The goal of DevOps is to synergize engineering, IT operations, and quality assurance to lower the budget and time spent on the software development and release cycle. With DataOps, we have an additional layer of Data. The goal of DataOps is to synergize data engineering, data analytics, and IT operations to improve the efficiency of acquiring raw data, building data pipelines, and generating actionable insights. If we talk about using data for machine learning applications, we need to bring data science and machine learning engineering into this equation (aka MLOps).
Like how DevOps has made a tremendous impact in software engineering teams, DataOps fundamentally redefines how data analytics teams function. Without DataOps, there is no connection between data pipelines and no collaboration among data producers and data consumers. This will inevitably lead to manual efforts, duplicated code, an increasing number of errors, and a slower time to market.

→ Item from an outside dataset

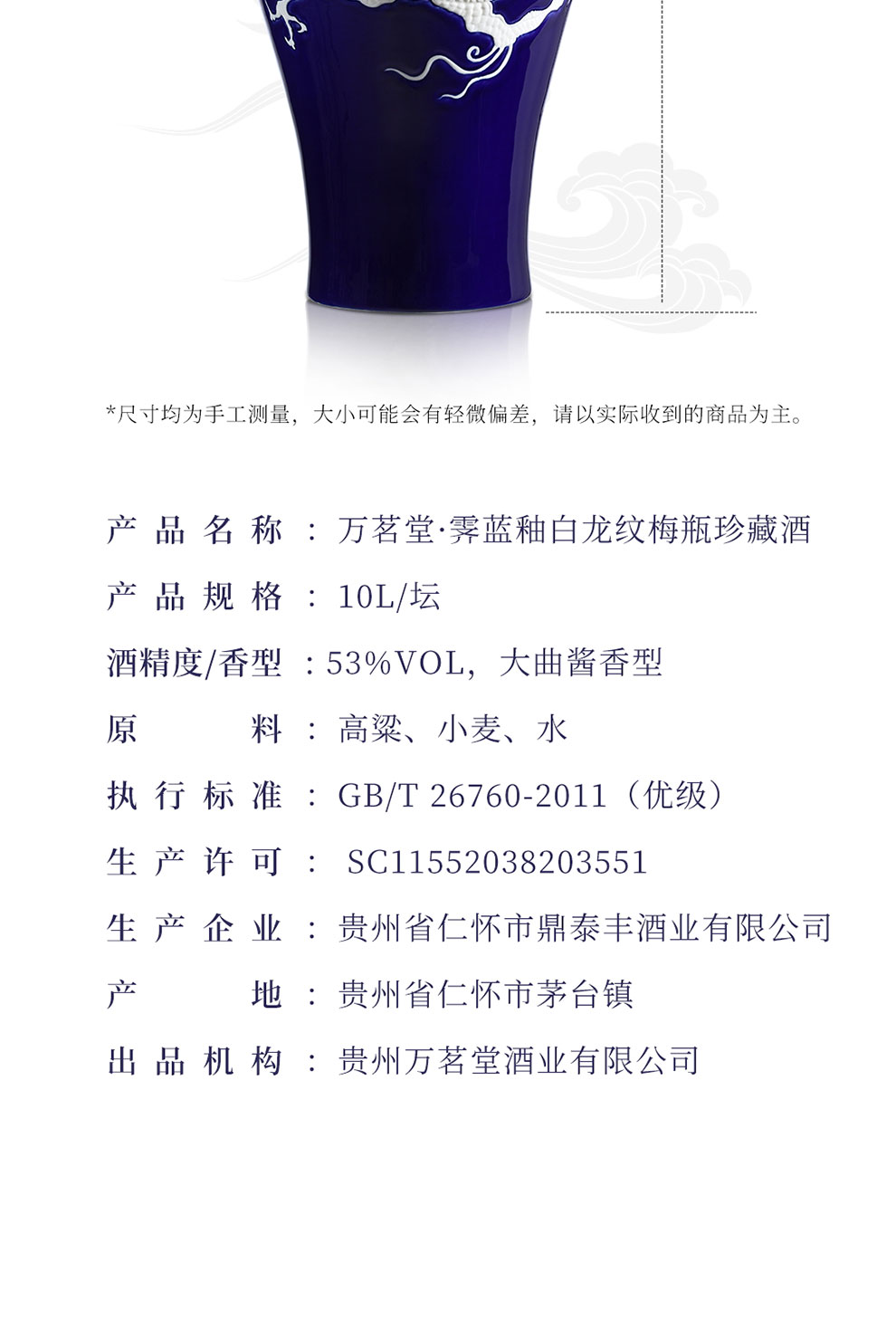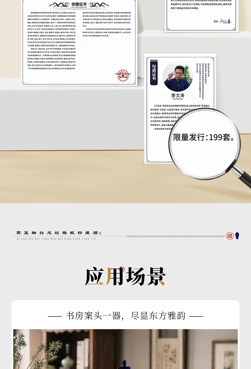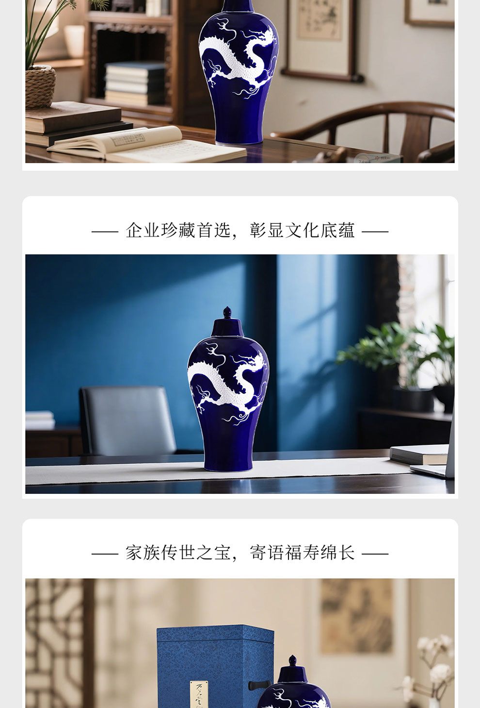 霁蓝釉白龙纹梅瓶珍藏酒 高端文创酒

For companies looking to use Computer Vision (and ML in general) to modernize their operations and decision-making processes, it’s vital to adopt tools that help raise the productivity of data producers and data consumers. These tools should facilitate reliability, discovery, and reuse of data. Let’s unpack three principal reasons why this is important.
In most real-world machine learning (including computer vision) projects, data is king! Getting better data might be the single best bang for the buck in terms of performance improvement. This contrasts with academic machine learning, which emphasizes the modeling component rather than rethinking the data paradigm.

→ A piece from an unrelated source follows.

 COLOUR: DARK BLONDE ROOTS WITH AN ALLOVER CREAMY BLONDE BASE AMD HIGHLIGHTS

What other data-related low-hanging fruits are we missing? Shreya Shankar argues that “data-ing” should be equally or more important than modeling. This means finding another piece of data that gives insight into a completely new aspect of the problem, rather than tweaking the loss function. Whenever model performance is bad, we should not only resort to investigating the model architecture and tuning hyper-parameters. We should also attempt to identify the root cause of bad performance in the data.
DataOps helps you explore/visualize, sample/curate, and collect/label only the data points that (1) are worth labeling and (2) yield the most value with respect to a given task. Data observability practices (see principle 4 in section 3) let you accomplish these tasks without too much hassle.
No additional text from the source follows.